Rafael datang meleburkan lamunanku.

“Rafa! Bikin aku kaget tau gak??”

“Ya abisnya gue perhatiin lo ngelamun dari tadi. Mana ni danau sepi, dan lo duduk dibawah pohon segede ini, ntar lo kesambet lagi.”

“Enggak lah Raf, aku gak percaya sama yang begituan.”

“Ehh lo ga percaya,, ntar kalo kesambet lo bakal kaya gini loh………….” Rafael memperagakan seperti orang yang kesurupan. Tingkahnya sangat konyol. Aku pun tak tahan untuk menertawai ‘kegilaannya’ itu.

“Ihh yang tadi nangis sekarang ketawa lagi.. “ Ejek Rafael.

“Apaan sih Raf!”

“Ahh ketawa ya ketawa aja, jangan cemberut lagi gitu. Nangningningnangeungg” Usil Rafael.

“Kamu tuh ya, bisa aja bikin aku ketawa lepas kayak gini. Kayanya kamu cocok deh buat jadi pelawak. Ckckck”

“Nah gitu dong. Gue tuh benci liat lo nangis terus, terutama gara-gara si Bisma itu. Lo harusnya lawan dong dia, jangan lemah gini. Apa harus gue yang kasih dia pelajaran?”

“Enggak lah Raf, gak usah. Biarin aja ntar juga dia bosen sendiri.” Ucapku.

“Yaudah deh terserah lo, tapi gue takut lo kenapa-kenapa lagi, gue benci liat lo menderita, gue sayang sama lo!” Rafael.

Dengan tiba-tiba Rafael mengutarakan perasaannya lagi padaku. Ia hanya tertunduk setelah sadar dengan apa yang ia ucapkan.

“Din, gu.. gu.. guee….. gue minta maaf, lo lupain aja omongan gue tadi.”

“Rafael, makasih kamu udah kasih perhatian lebih ke aku. Maaf aku gak bisa balas perasaan yang sama ke kamu. Dulu ataupun sekarang, kamu akan tetap jadi sahabat terbaik aku, dan gak akan berubah. Kamu pasti udah tau alasannya.” Ucapku.

“Ya.. Tuhan memang satu tapi kita yang gak sama. Gue percaya Tuhan gue, dan lo juga punya Tuhan sendiri. Kita emang bisa bersatu hanya sebagai sahabat, bukan sebagai pasangan. Ya kan.??” Tanya Rafael.

Aku hanya tersenyum. Begitupun Rafael.
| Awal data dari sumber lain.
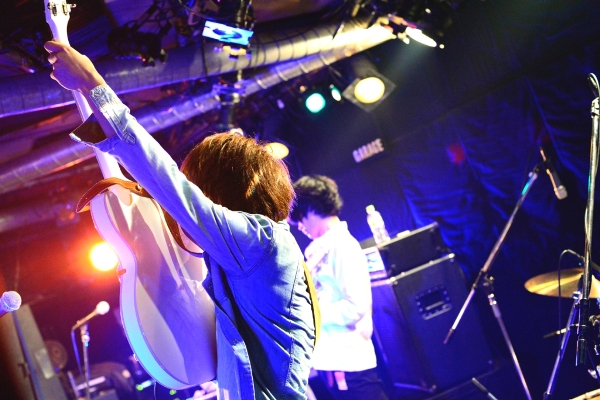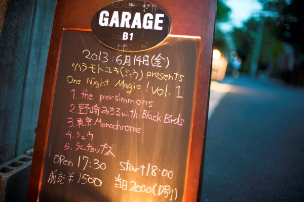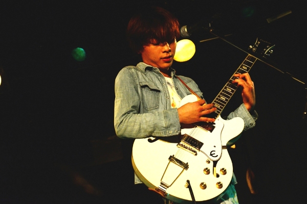 活動”再開”。それは、ファンにとっては1年ぶりの”再会”だ。この日のレコ発は彼の盟友・ハラモトユキ(ミュウ)の企画「One Night Magic!」の第1弾。対バンにはYHMF2012ファイナリストのthe persimmonsら実力者たちが名を連ねたほか、全出演者の音源を収録したCD-Rが来場者に無料配布されるという粋な計らい。そして満杯のフロア。復活の舞台は、整った。

Namun ada satu alasan lagi yang membuat ia tak memiliki tempat dihatiku.

“Aku juga masih nunggu pangeran masa kecilku, Raf. Dan aku yakin kalo dia bakalan jadi pangeran aku sekarang dan selamanya.”

“Lo kesambet setan pohon ini ya! Pergi aja yuk daripada lo tambah gila.” Ucap Rafael kebingungan.

“Engga Raf aku beneran. Kamu masih inget kan cerita aku tentang temen masa kecil aku.?”

“Hmmm.. yang lo bilang ‘setan kecil’ itu.?? Yang kadang baik dan kadang jahat sama lo waktu kecil.”

Aku mengangguk.

“Emang lo udah ketemu lagi sama dia.?” Tanya Rafael.

“Hampir tiap hari aku ketemu sama dia, sebenernya dia deket kok sama aku, cuman ya emang dianya belum sadar.” Jawabku.

“Hah siapa.?? Gue kenal gak?? Sekampus sama kita gitu??”

“Nanti juga kamu tau.” Jawabku sambil pergi meninggalkan Rafael.

“Ya ya ya okey deh! Terserah lo, asal lo seneng Din.” Teriak Rafael.